What Makes This Competitive
A strong version of this project does more than build a classifier. It asks whether the model still works across different routes, users, and phone placements. It also compares accuracy against battery use, model size, and false alarm rate, not just one score. If you add careful field validation and a clean analysis of failure cases, your project starts to look like real applied research.
Project Variations
- Test whether the same IMU model works for detecting bike crossings, crosswalk stops, or elevator entry instead of stairs and curbs.
- Compare phone pocket placement, hand-held placement, and backpack placement to see which gives the most stable gait signatures.

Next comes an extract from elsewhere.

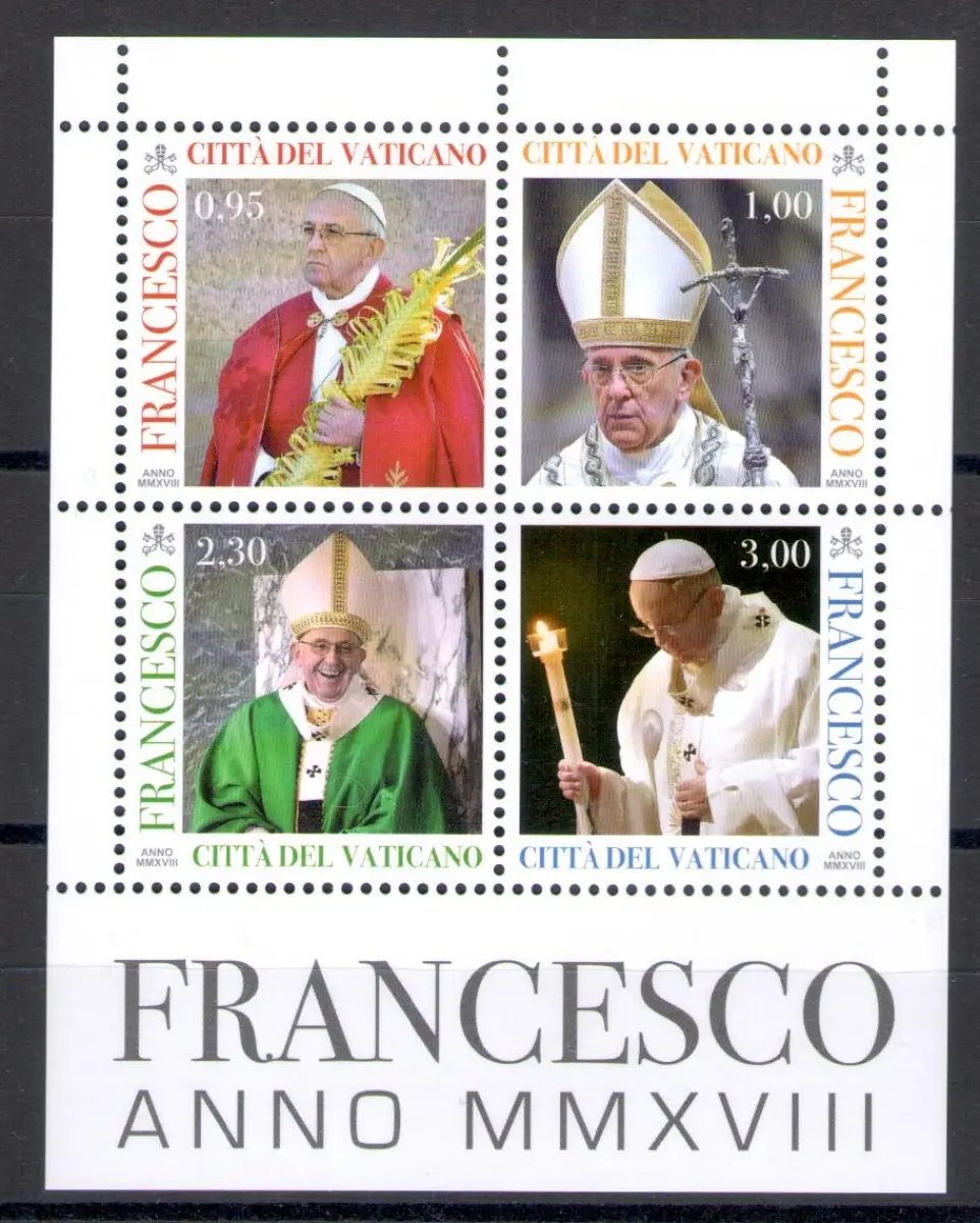 2018 Vatikan Zettel Papst Franziskus Jahr MMXVIII, neu und perfekt - MNH ** Serie von Gedenkmarken, ausgegeben von der Vatikanstadt im Zettel, neu und perfekt, Vollgummi und original.

- Build one version that uses raw IMU windows and another that uses handcrafted features, then compare accuracy and phone efficiency.
Learn More
- NIH PubMed: Search for review articles on wearable inertial sensors, gait analysis, and mobile accessibility.
- NASA Open Source Software Catalog: Explore examples of sensor processing, edge computing, and on-device inference projects.
- MIT OpenCourseWare: Search for free courses on machine learning, signal processing, and embedded systems.
- IEEE Xplore: Read abstracts and papers on TinyML, inertial sensing, and mobile assistive technology through your school or public library access.
- TensorFlow Lite documentation: Learn how small neural networks run on phones and other edge devices.
- USGS or NOAA mapping tools: Use public maps and terrain data to plan and document outdoor test routes.